* [Work request]: Going through the material below, output exactly the lines from the one containing "1pc Natural Labradorite" through the one containing "세종문화회관 콜센터 02-399-1000로 문의주세요.", and no pictures.

* [Data extract]:
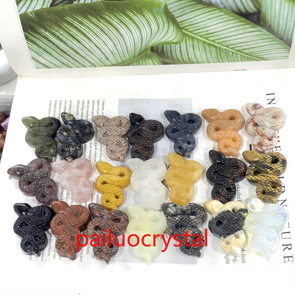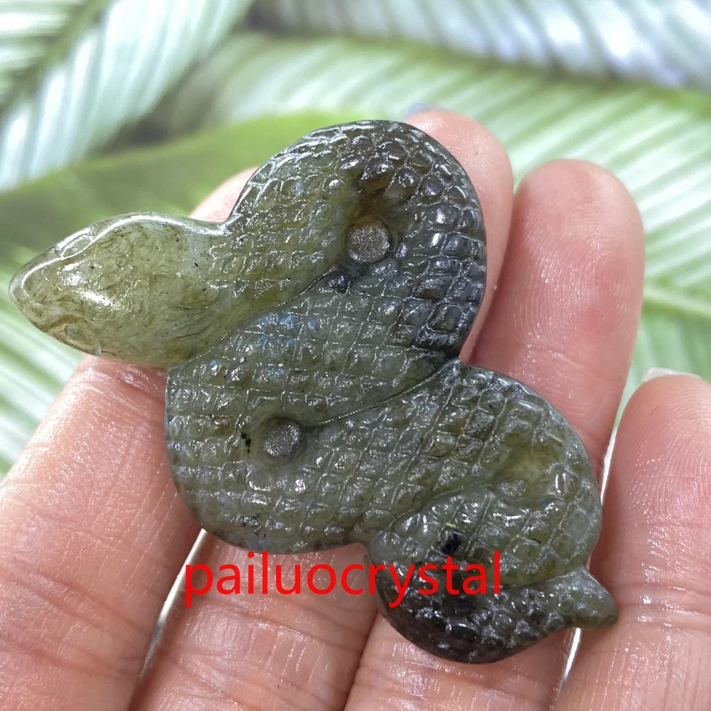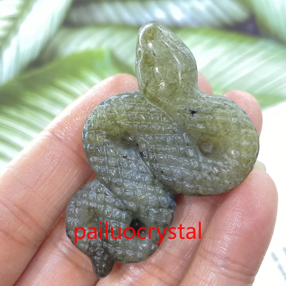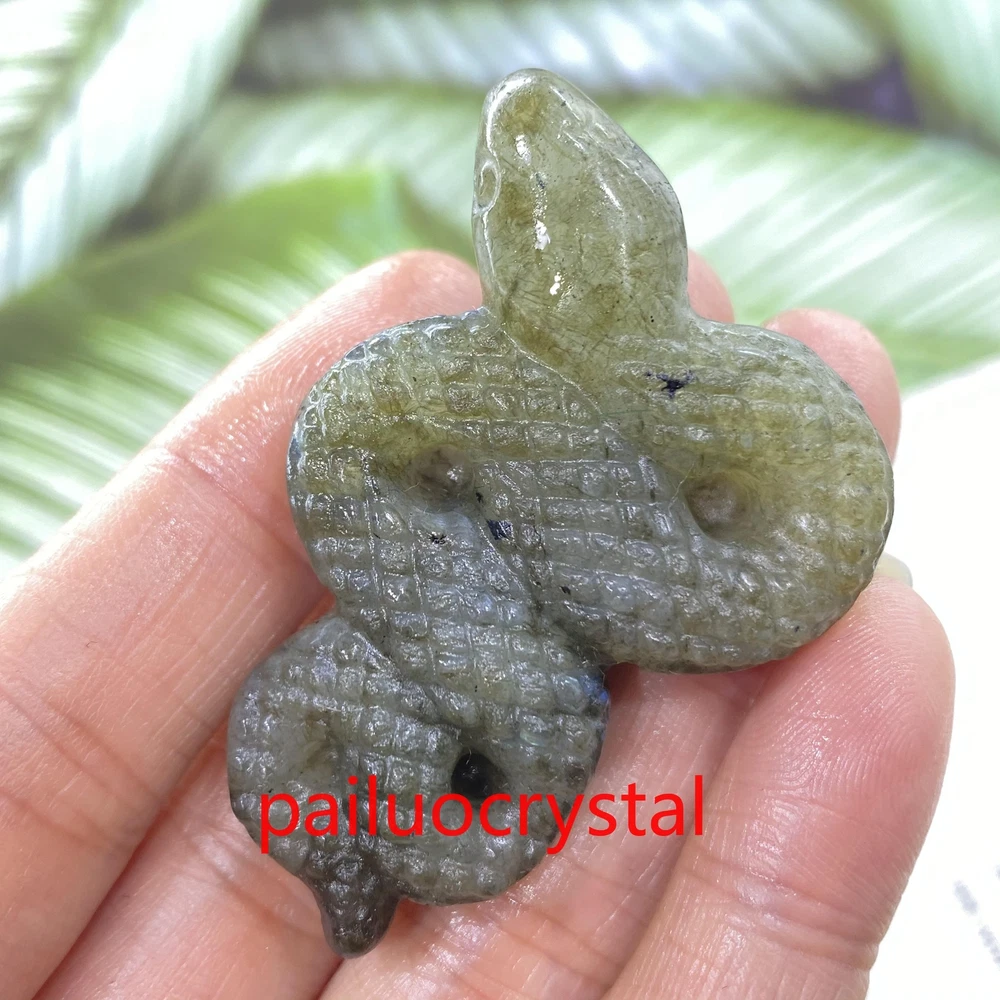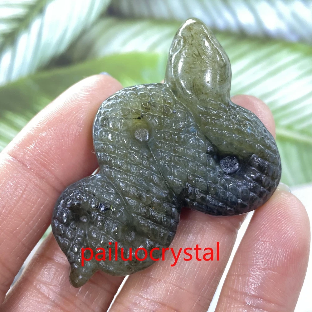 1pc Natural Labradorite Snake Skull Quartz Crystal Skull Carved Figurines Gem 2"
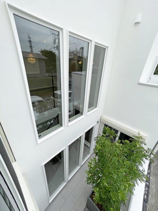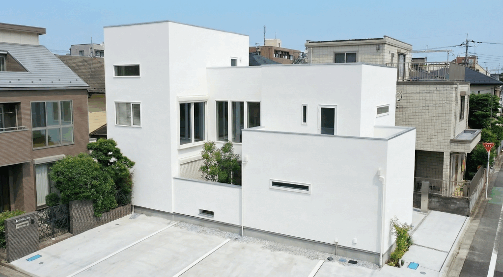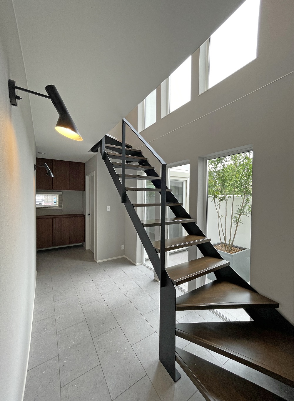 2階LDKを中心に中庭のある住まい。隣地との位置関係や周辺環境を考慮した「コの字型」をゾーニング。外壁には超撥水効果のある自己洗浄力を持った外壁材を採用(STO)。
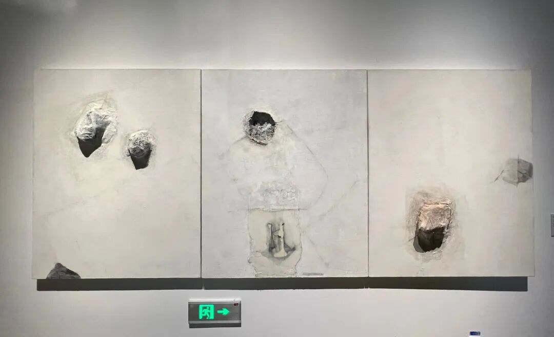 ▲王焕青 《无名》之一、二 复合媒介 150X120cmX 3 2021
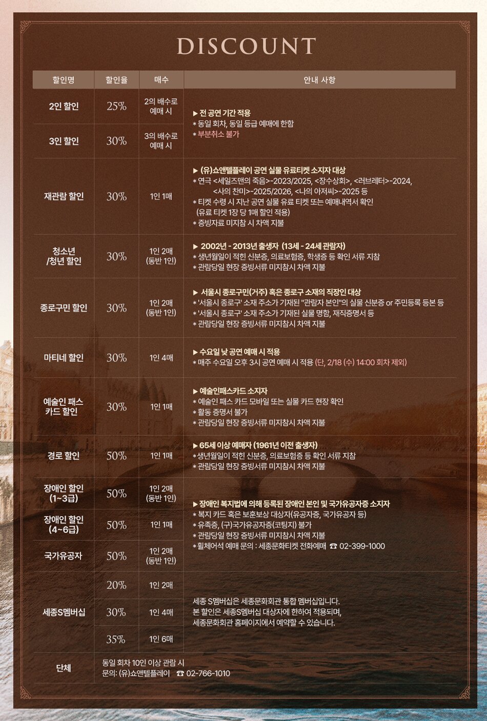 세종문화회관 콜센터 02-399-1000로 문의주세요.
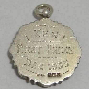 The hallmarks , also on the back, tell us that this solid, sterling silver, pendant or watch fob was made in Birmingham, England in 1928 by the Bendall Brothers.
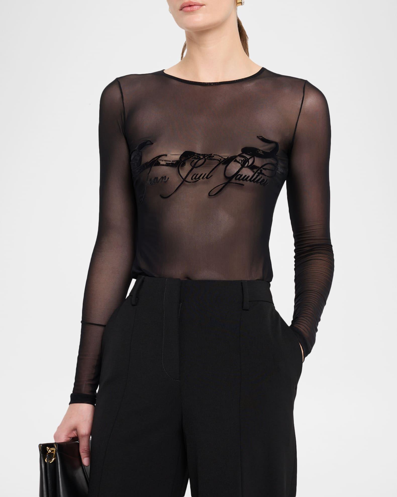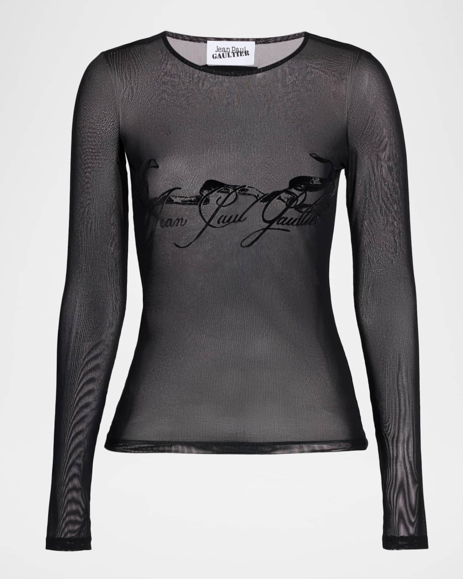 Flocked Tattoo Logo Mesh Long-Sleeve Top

---

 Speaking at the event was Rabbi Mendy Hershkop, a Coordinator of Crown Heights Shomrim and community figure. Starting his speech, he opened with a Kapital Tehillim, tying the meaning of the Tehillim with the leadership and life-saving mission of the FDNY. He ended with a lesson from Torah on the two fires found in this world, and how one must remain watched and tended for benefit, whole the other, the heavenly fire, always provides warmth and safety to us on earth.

---

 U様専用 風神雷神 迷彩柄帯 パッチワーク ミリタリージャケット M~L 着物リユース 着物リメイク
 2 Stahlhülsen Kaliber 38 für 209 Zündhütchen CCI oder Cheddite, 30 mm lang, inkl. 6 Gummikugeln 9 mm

* [Output of the exercise]:
 1pc Natural Labradorite Snake Skull Quartz Crystal Skull Carved Figurines Gem 2"
 2階LDKを中心に中庭のある住まい。隣地との位置関係や周辺環境を考慮した「コの字型」をゾーニング。外壁には超撥水効果のある自己洗浄力を持った外壁材を採用(STO)。
 ▲王焕青 《无名》之一、二 复合媒介 150X120cmX 3 2021
 세종문화회관 콜센터 02-399-1000로 문의주세요.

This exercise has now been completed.